Além disso, a campanha trabalha para abordar o racismo e os crimes de ódio de uma forma ampla e sistêmica. Ainda assim, Zohran tem sido alvo de islamofobia, inclusive por parte de outros representantes eleitos.

Que impacto a vitória de Mamdani nesta corrida primária — e a possível vitória nas eleições para prefeito em novembro — terá na política nos Estados Unidos de Trump?

É difícil prever como Trump vai reagir. Todos os dias fico chocada com o quão horrível e desumana é a sua agenda, especialmente nas questões de imigração.

Ao mesmo tempo, o Partido Democrata não apresenta uma política alternativa. Isso abre um espaço para o desenvolvimento da consciência de classe, com os trabalhadores se identificando com uma campanha de perfil socialista.

Acredito que muitas campanhas progressistas do establishment tentarão adotar parte da linguagem e das mensagens que Zohran usou para atrair votos, mas elas não terão a mesma consequência que Zohran e nós do DAS temos. Teremos que trabalhar para diferenciar esse falso progressismo da política socialista realmente ligada ao movimento.

A direita tentará usar Zohran para avançar sua agenda. Recentemente, tem havido colaboração entre o governo federal e o prefeito de Nova York — será interessante ver como isso se desenrola. Eric Adams, o atual prefeito de NYC, que está concorrendo como independente em novembro, tem se alinhado aos interesses de Trump. O Conselho Municipal entrou com um processo contra Adams por seu plano de apoiar a campanha de deportação de Trump na cidade, instalando o ICE em Rikers Island [onde fica a maior prisão de NYC].

É do interesse de Trump que Adams vença Zohran. Ele tentará fazer de Nova York um exemplo para outras cidades dos EUA. Teremos que criar uma frente [para defender] a rede de serviços, a política e os movimentos da nossa cidade contra essa agenda cada vez mais fascista.

O que a campanha de Mamdani revela sobre os pontos fortes e fracos dos socialistas que se envolvem com política eleitoral?

Muitas pessoas da classe trabalhadora só se conectam com a política durante as eleições, e ainda não se veem como gente que pode participar da política no cotidiano.
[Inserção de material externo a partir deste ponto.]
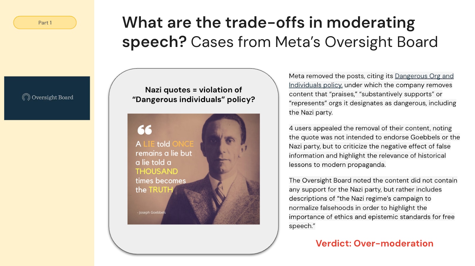 We considered a real moderation case from the Meta Oversight Board. This image and quote from Joseph Goebbels, a Nazi leader, was shared on Facebook:
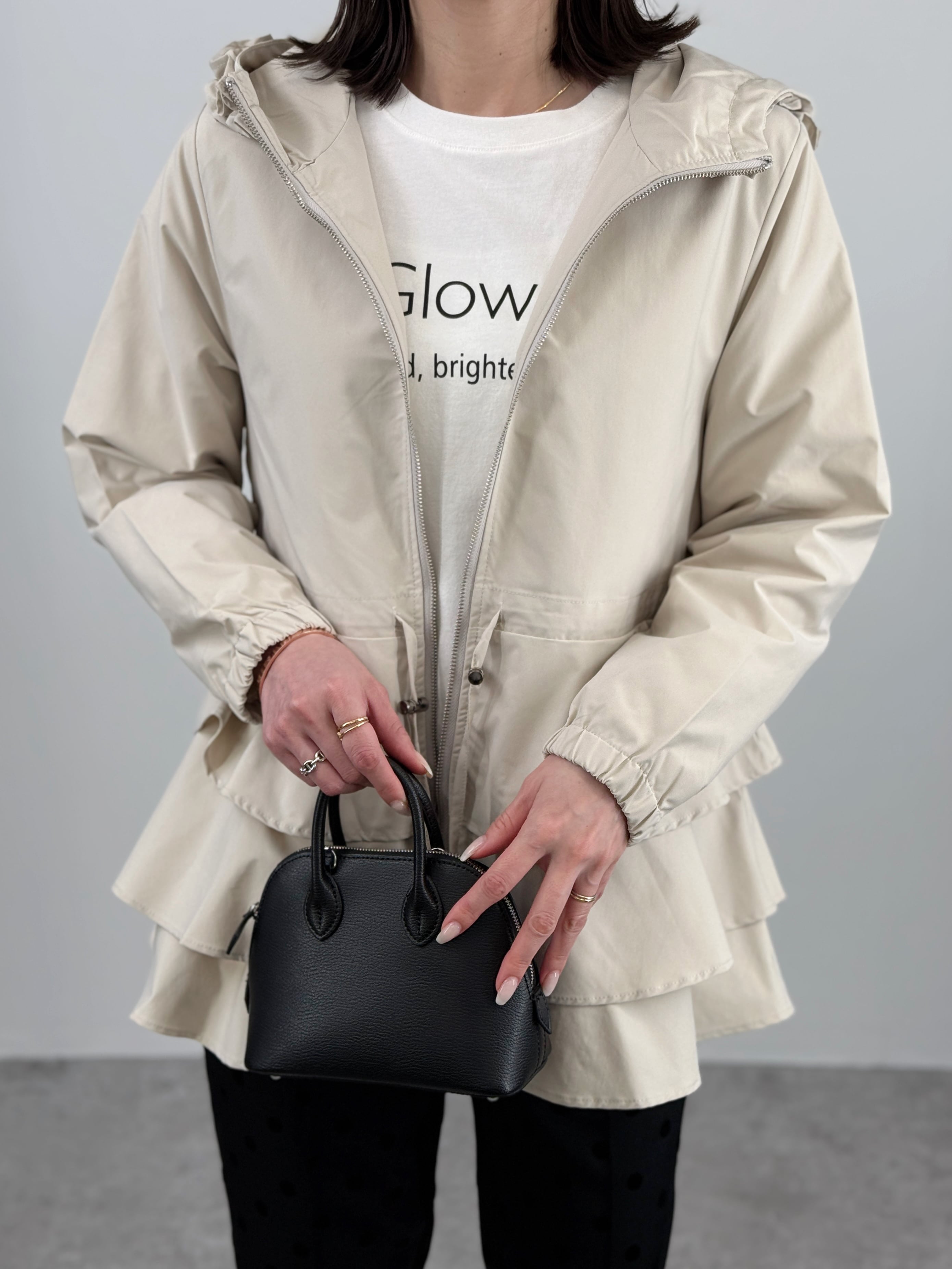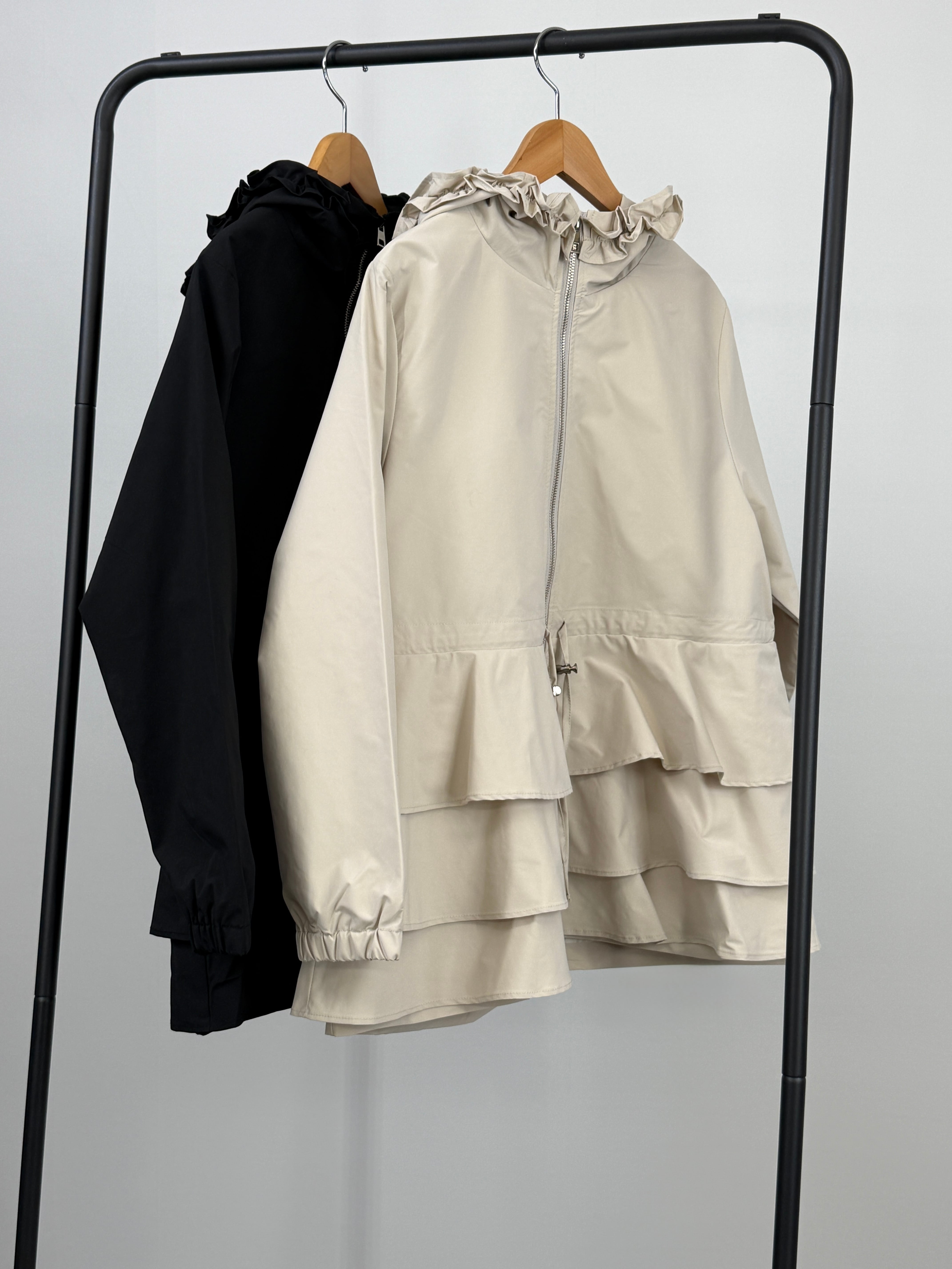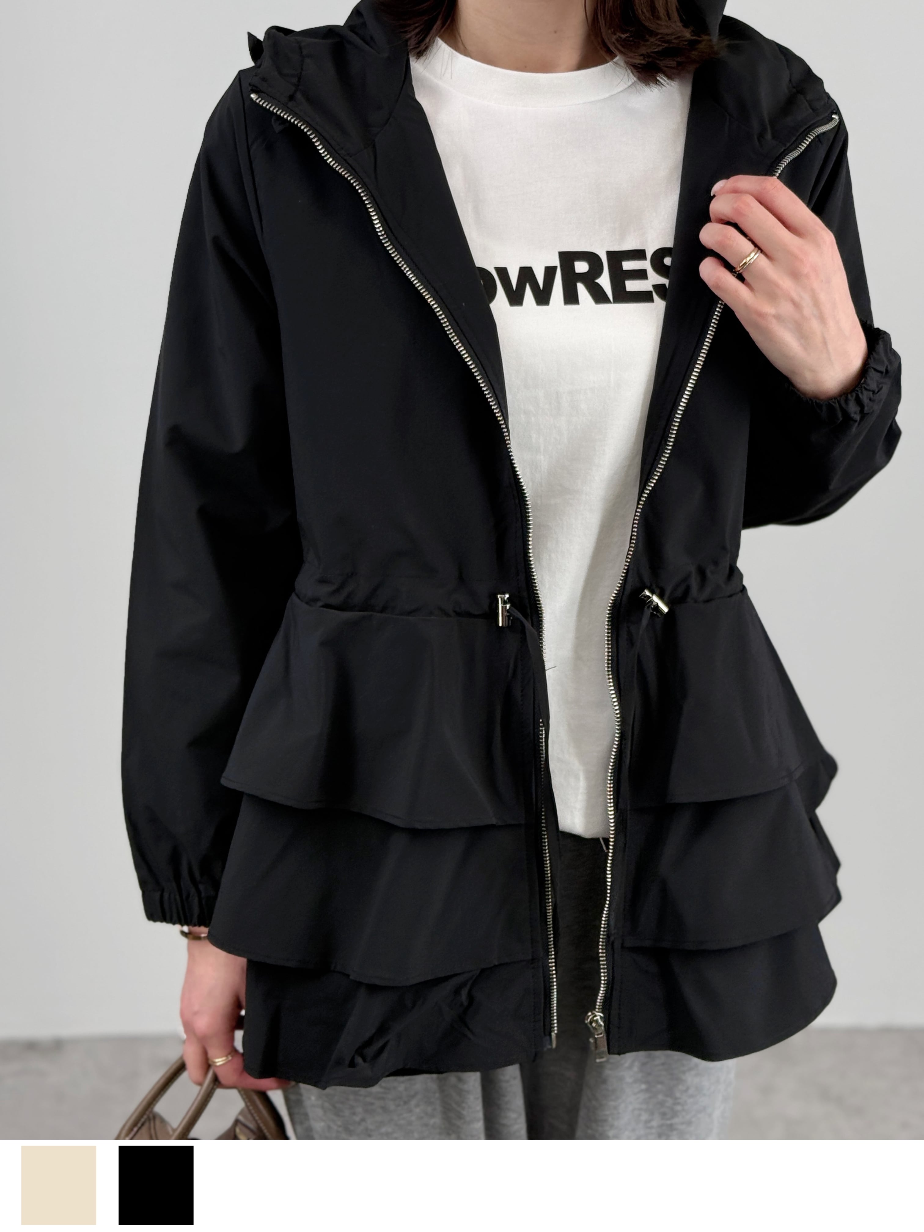 カジュアルなフーディージャケットに、たっぷりのフリルで華やかさをプラス。

É importante que usemos as urnas para mobilizar e entusiasmar as pessoas com a política socialista. Fazer campanhas que falem sobre o socialismo sem rodeios e que empolguem nosso movimento, como Zohran fez, é realmente importante para nós.

Usamos as eleições para organizar as pessoas, mostrar a elas uma visão melhor para o futuro e construir consciência de classe. A política eleitoral é uma ferramenta útil para conversar com as pessoas sobre a política socialista, construir poder, aprovar políticas institucionais e enfrentar a extrema direita. Devemos usar essas plataformas para dialogar com as pessoas sobre o que significa uma política socialista e para apresentar uma visão de futuro que vai além de votar no “mal menor”.

Ao mesmo tempo, reconhecemos que Zohran não pode implementar tudo sozinho. O grande poder financeiro continuará atuando após as eleições e será muito difícil implementar sua plataforma política. Ele enfrentará ataques de todos os lados, em todas as suas iniciativas.

Portanto, é preciso encarar esse momento como apenas o primeiro passo para construção de um amplo movimento, que apoie as ideias defendidas pela campanha.